[Webkit-unassigned] [Bug 233921] New: TextDecoder delays the streaming output for invalid UTF-8 sequences

bugzilla-daemon at webkit.org bugzilla-daemon at webkit.org
Tue Dec 7 03:55:22 PST 2021


https://bugs.webkit.org/show_bug.cgi?id=233921

            Bug ID: 233921
           Summary: TextDecoder delays the streaming output for invalid
                    UTF-8 sequences
           Product: WebKit
           Version: WebKit Nightly Build
          Hardware: Unspecified
                OS: Unspecified
            Status: NEW
          Severity: Normal
          Priority: P2
         Component: New Bugs
          Assignee: webkit-unassigned at lists.webkit.org
          Reporter: andreu at andreubotella.com

WPT tests: https://wpt.fyi/results/encoding/textdecoder-eof.any.html?label=experimental&label=master&aligned (stream: true case), https://wpt.fyi/results/encoding/textdecoder-streaming.any.html?label=experimental&label=master&aligned, https://wpt.fyi/results/encoding/streams/decode-utf8.any.html?label=experimental&label=master&aligned (non-SharedArrayBuffer cases)

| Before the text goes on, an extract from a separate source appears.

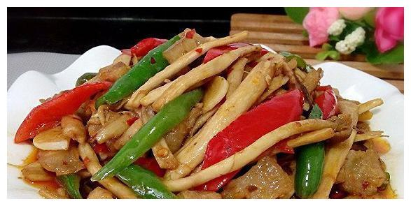 材料:茶树菇500g 猪五花肉约80g 青椒红椒各一个 姜2片 大蒜(独蒜)半个 豆瓣酱一勺 老抽2/3小勺 糖

Related Chromium bug: https://bugs.chromium.org/p/chromium/issues/detail?id=796697

When the TextCodecUTF8 decoder finds a non-ASCII lead byte, it waits until enough bytes are consumed to make a valid sequence starting at that position, before starting to process the bytes. This goes against the encoding spec, which requires the replacement character to be emitted as soon as enough bytes are consumed to tell that the sequence is in fact invalid.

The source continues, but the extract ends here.